'''

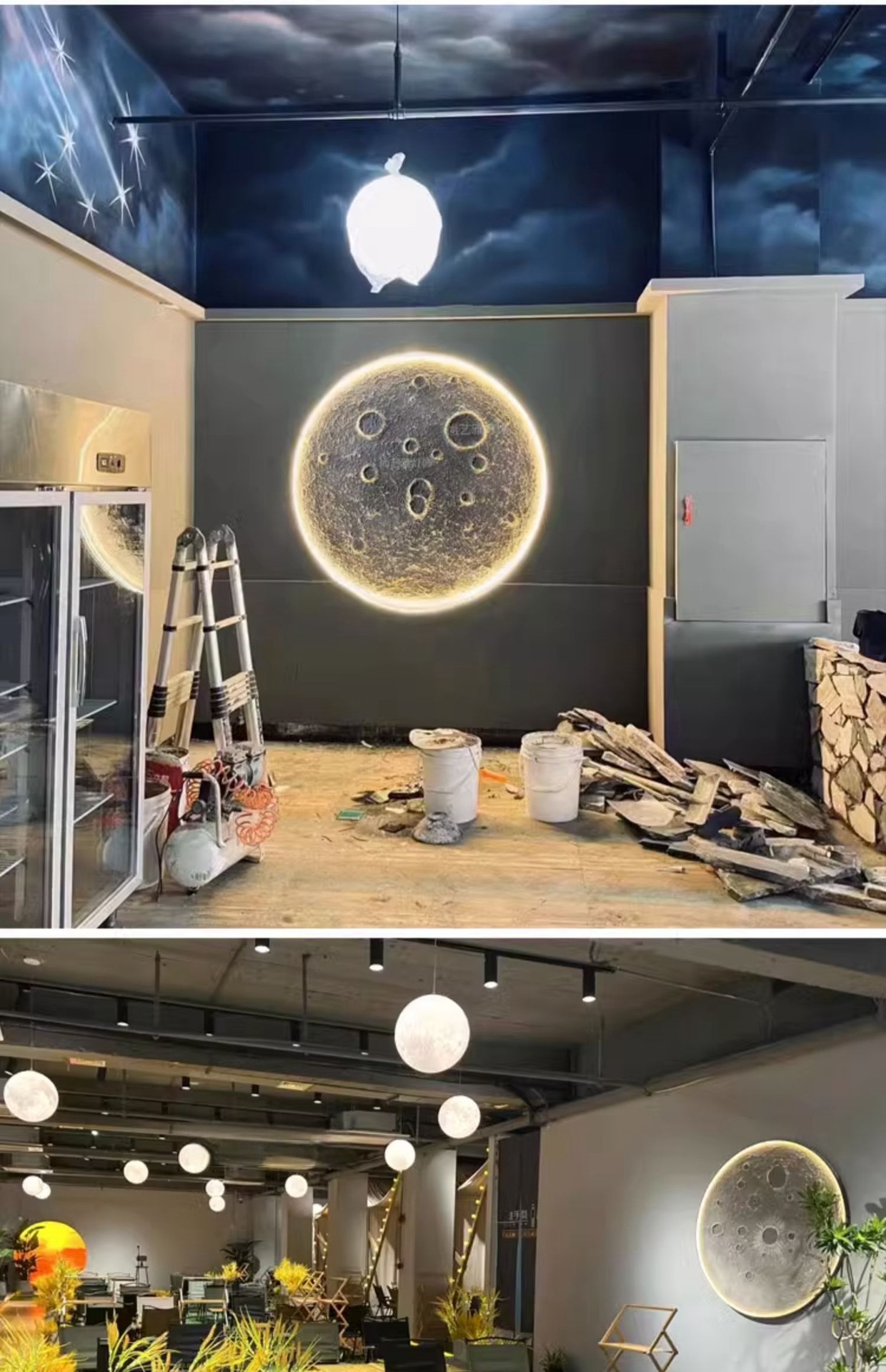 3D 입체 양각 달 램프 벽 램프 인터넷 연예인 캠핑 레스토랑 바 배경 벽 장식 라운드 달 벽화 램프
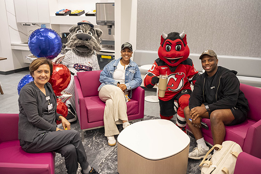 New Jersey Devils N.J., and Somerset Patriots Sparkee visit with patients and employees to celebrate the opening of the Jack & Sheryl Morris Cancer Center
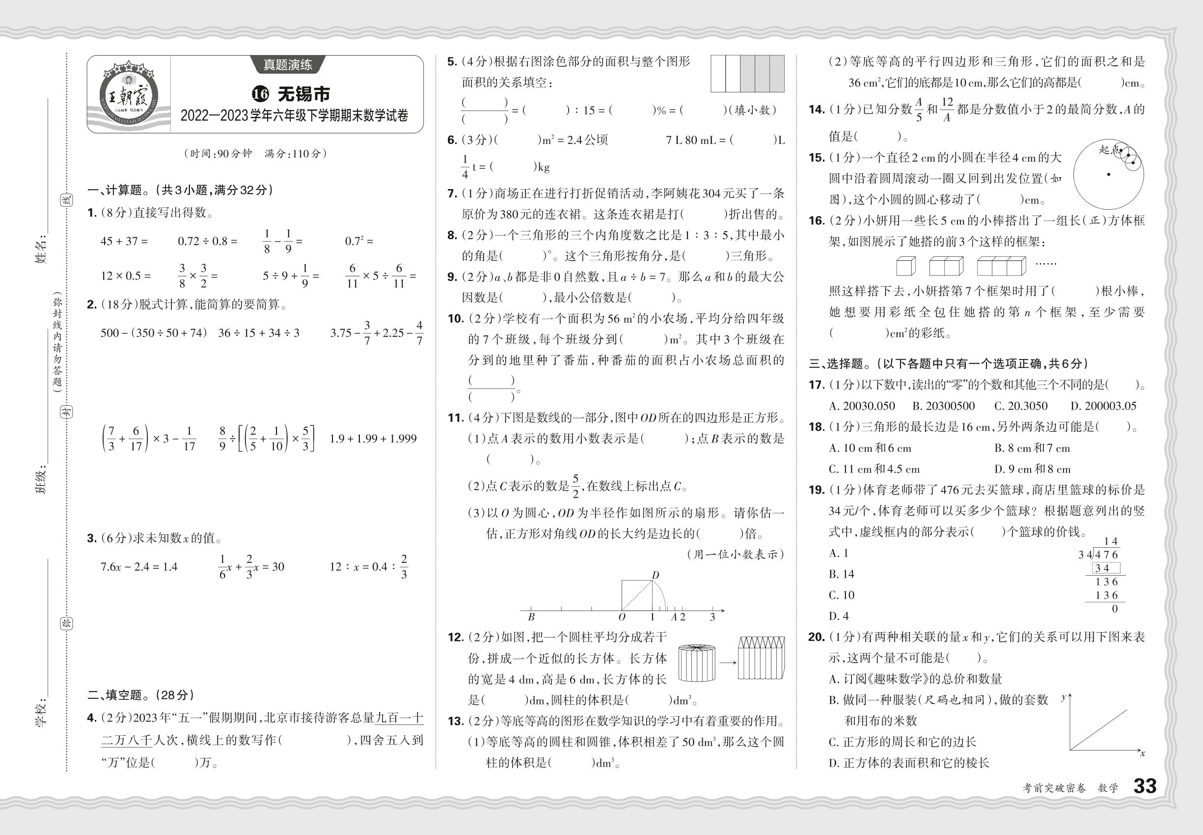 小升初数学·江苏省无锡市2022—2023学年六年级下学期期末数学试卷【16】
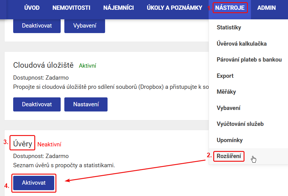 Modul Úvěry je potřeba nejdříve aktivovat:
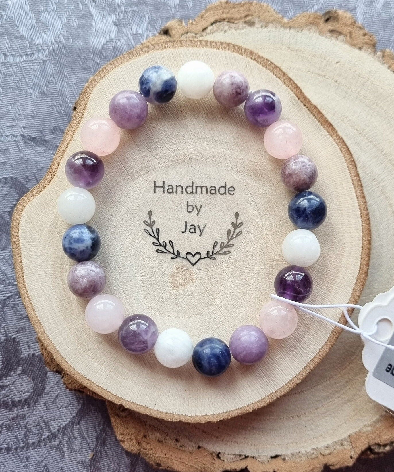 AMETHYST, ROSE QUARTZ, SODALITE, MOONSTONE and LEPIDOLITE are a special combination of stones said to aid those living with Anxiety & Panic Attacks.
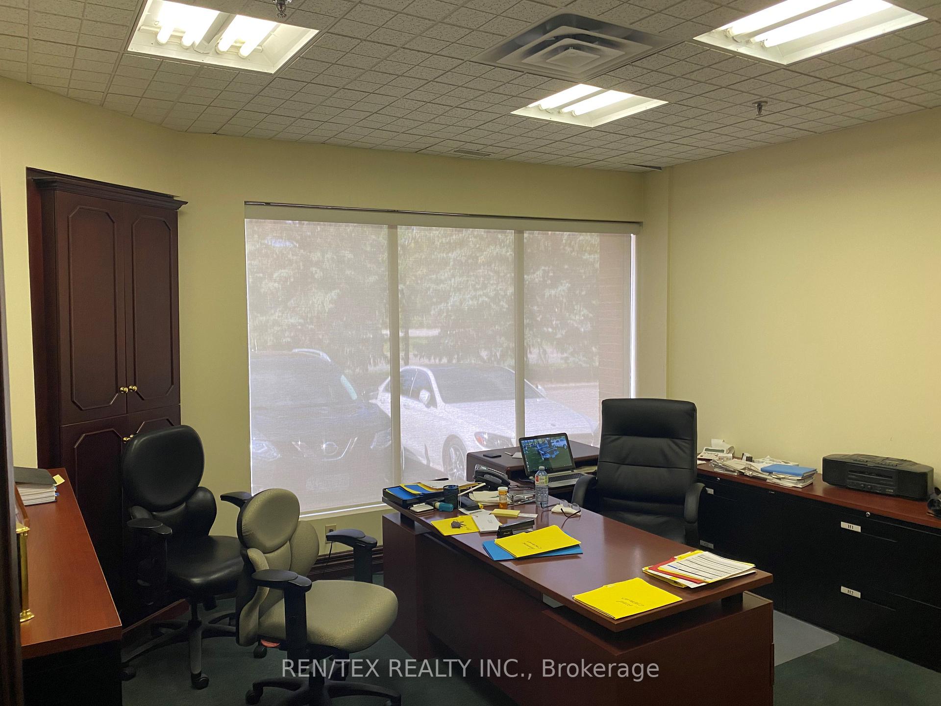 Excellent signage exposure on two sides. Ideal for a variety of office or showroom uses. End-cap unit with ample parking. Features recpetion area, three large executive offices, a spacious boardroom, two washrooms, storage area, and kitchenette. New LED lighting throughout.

'''

# THE PROBLEM
Would you reproduce the lines from the one with "Modul Úvěry je" through the final line of the data above, exactly and only those, without any pictures?

# PROBLEM SOLUTION
 Modul Úvěry je potřeba nejdříve aktivovat:
 AMETHYST, ROSE QUARTZ, SODALITE, MOONSTONE and LEPIDOLITE are a special combination of stones said to aid those living with Anxiety & Panic Attacks.
 Excellent signage exposure on two sides. Ideal for a variety of office or showroom uses. End-cap unit with ample parking. Features recpetion area, three large executive offices, a spacious boardroom, two washrooms, storage area, and kitchenette. New LED lighting throughout.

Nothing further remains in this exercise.